In this photo released by China’s Xinhua News Agency, an investor supports his head with a hand while looking at an electric stock price display at a trading hall in a securities firm in Shanghai, China, as the Shanghai Composite Index plummeted 3 percent to 2,325.95 Thursday, Feb. 21, 2013. It was the index’s biggest loss in almost 15 months. World stock markets tumbled Thursday after U.S. Federal Reserve minutes gave investors an unwelcome reminder that super-easy monetary policy has an expiration date. (AP Photo/Xinhua, Ding Ding) NO SALES
BEIJING (AP) — Asian stock markets fell Friday following weak economic data from Europe and moves by China’s government to cool inflation pressures.
Oil rose to just above $93 a barrel despite Wall Street’s overnight decline and higher U.S. jobless numbers.
The Asian heavyweight, Tokyo’s Nikkei 225 index, fell 0.5 percent to 11,252.41 while in the region’s biggest economy, China’s benchmark Shanghai Composite Index shed 0.1 percent to 2,323.72. Hong Kong, Seoul, Singapore and Taipei also suffered declines.

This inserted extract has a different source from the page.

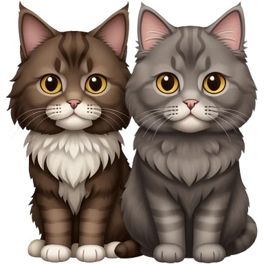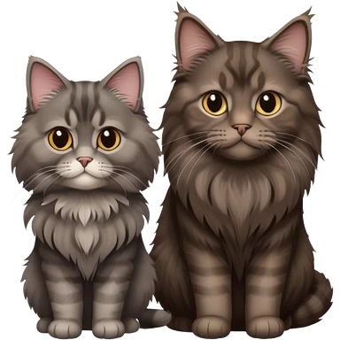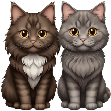 A dark brown Maine Coon cat and a Grey schottish fold cat emoji

Australia was the region’s only major gainer, with the ASX/S&P 200 rising 1.1 percent to 5,033.50, recovering from Thursday’s 2.3 percent plunge.
The Shanghai index slid 3 percent Thursday for its biggest decline in 15 months after Beijing announced new measures to cool politically sensitive housing costs. Also this week, the central bank drained liquidity from markets in a sign it is trying to restrain pressure for prices to rise as the economy gradually recovers.

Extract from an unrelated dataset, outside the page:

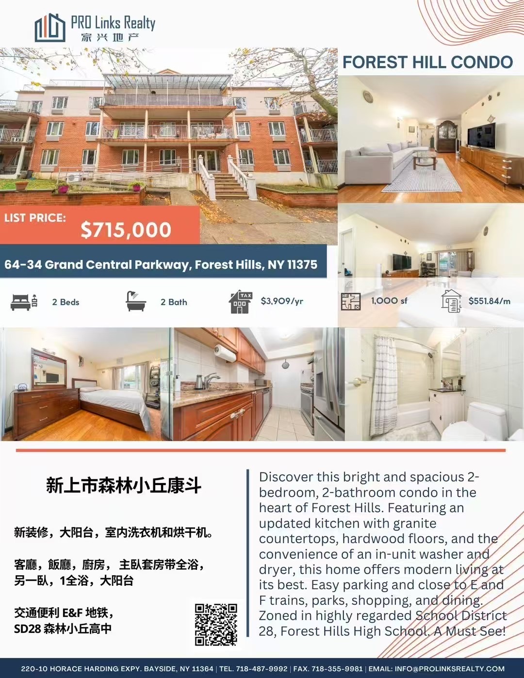 主臥套房带全浴,另一臥,1全浴,大阳台🚌交通便利 E&F 地铁🏫 SD28 森林小丘高中🏠64-34 Grand Central Parkway Forest Hills NY 11375

“Policy will try to sharply slow availability of funds in the economy,” said Credit Agricole CIB economist Dariusz Kowalczyk in a report.
Asian markets followed European bourses down after weaker-than-expected industrial data from heavyweight economies France and Germany. France’s CAC-40 tumbled 2.3 percent on Thursday and markets in Germany, Britain and Italy suffered marked declines.

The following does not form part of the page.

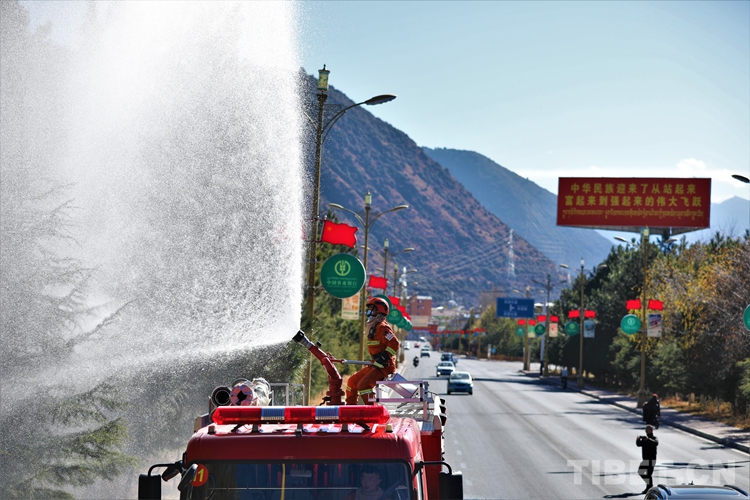 圖為(wei) 巴宜區中隊指戰員運用消防車對道路沿線雜草、枯樹進行灑水增濕作業(ye) ,有效降低重點區域、道路周邊的火災風險

Hong Kong’s Hang Seng shed 0.7 percent to 22,746.37, Seoul’s Kospi was off 0.2 percent at 2,010.81 and Taipei’s Taiex lost 0.4 percent to 7,921.08. Singapore fell 0.3 percent.
U.S. markets were rattled by Wednesday’s release of notes from the Fed’s last policy meeting that suggested some policymakers were worried about the cost of its monetary stimulus.
That sparked concern the Fed might wind down asset purchases, though some analysts suggested such fears were overblown.
On Thursday, the Labor Department reported the number of Americans seeking unemployment benefits rose 20,000 last week to 362,000 but said longer-term, the job market appears to be improving.
The Dow Jones industrial average declined 0.5 percent and the broader S&P 500 index fell 0.6 percent.
The benchmark price of crude for April delivery was up 36 cents to $93.20 in electronic trading on the New York Mercantile Exchange. The contract fell $2.24, or 2.4 percent, to $92.98 on Thursday, the second drop of 2 percent in two days.
In currency markets, the dollar fell to 93.15 yen from 93.26 yen late Thursday. The euro was up slightly at $1.320.